▶ **Your instructions**:
Please find every line of the listing below where "with" occurs and copy it.

• • •

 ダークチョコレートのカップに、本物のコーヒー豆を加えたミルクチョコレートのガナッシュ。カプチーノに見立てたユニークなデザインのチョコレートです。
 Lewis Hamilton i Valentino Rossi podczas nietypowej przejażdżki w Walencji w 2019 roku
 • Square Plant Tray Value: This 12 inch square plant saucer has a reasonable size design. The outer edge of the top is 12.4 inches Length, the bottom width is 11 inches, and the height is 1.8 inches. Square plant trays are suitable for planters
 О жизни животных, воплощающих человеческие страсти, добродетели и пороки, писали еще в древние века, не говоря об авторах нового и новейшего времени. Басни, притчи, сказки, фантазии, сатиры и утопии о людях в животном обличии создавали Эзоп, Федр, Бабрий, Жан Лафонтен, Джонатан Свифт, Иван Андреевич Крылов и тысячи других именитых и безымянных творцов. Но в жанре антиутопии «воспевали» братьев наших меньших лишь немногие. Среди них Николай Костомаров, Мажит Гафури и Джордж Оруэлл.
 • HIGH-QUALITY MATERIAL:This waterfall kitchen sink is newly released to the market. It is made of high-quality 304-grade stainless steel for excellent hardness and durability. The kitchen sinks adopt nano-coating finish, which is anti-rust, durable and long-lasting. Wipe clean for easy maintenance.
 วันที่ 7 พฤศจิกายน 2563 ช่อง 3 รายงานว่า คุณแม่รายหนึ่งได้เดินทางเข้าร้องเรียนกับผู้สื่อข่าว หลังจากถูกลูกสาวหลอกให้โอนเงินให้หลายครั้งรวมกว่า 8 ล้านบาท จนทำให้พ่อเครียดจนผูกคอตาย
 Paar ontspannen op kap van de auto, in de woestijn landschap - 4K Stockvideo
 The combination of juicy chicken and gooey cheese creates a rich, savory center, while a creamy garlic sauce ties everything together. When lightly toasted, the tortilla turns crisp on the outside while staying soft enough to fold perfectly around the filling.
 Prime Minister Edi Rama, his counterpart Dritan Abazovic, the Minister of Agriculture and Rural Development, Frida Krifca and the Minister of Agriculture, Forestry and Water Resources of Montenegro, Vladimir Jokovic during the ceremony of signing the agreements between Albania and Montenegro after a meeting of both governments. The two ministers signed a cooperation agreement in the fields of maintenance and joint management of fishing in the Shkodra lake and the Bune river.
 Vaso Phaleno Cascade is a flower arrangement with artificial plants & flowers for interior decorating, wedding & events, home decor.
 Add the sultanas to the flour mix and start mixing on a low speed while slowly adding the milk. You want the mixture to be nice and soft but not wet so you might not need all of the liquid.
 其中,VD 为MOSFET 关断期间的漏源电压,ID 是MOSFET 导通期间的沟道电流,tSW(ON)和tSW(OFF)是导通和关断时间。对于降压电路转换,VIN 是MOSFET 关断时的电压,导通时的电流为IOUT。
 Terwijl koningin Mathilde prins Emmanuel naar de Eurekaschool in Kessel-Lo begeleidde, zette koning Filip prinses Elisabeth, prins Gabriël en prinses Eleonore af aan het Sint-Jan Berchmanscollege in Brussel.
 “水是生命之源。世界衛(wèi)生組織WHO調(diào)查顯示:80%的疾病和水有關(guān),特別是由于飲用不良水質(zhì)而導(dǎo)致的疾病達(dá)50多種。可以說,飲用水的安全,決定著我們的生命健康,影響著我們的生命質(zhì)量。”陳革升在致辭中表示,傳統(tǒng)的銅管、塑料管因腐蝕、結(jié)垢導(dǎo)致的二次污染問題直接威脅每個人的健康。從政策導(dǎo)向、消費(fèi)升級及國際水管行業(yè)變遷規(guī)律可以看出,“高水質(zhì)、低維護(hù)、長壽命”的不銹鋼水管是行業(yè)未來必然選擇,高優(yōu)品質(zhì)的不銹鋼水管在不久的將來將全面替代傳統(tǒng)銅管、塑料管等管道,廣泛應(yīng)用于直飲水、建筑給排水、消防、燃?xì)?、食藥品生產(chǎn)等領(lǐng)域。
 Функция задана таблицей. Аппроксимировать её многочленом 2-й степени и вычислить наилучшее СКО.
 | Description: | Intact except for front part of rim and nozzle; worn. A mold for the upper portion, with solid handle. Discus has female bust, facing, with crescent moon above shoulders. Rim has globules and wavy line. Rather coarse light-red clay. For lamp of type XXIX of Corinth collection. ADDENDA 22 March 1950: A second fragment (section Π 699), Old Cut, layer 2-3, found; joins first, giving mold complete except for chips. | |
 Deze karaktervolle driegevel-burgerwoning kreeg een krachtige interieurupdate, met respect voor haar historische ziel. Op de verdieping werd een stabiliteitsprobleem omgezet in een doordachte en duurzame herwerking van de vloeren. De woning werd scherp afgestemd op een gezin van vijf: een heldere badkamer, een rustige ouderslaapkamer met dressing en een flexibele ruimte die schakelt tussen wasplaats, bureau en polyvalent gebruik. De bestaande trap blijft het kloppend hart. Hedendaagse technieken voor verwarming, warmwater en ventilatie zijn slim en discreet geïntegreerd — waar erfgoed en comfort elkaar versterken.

• • •

▶ **Result for this task**:
 Vaso Phaleno Cascade is a flower arrangement with artificial plants & flowers for interior decorating, wedding & events, home decor.
 | Description: | Intact except for front part of rim and nozzle; worn. A mold for the upper portion, with solid handle. Discus has female bust, facing, with crescent moon above shoulders. Rim has globules and wavy line. Rather coarse light-red clay. For lamp of type XXIX of Corinth collection. ADDENDA 22 March 1950: A second fragment (section Π 699), Old Cut, layer 2-3, found; joins first, giving mold complete except for chips. | |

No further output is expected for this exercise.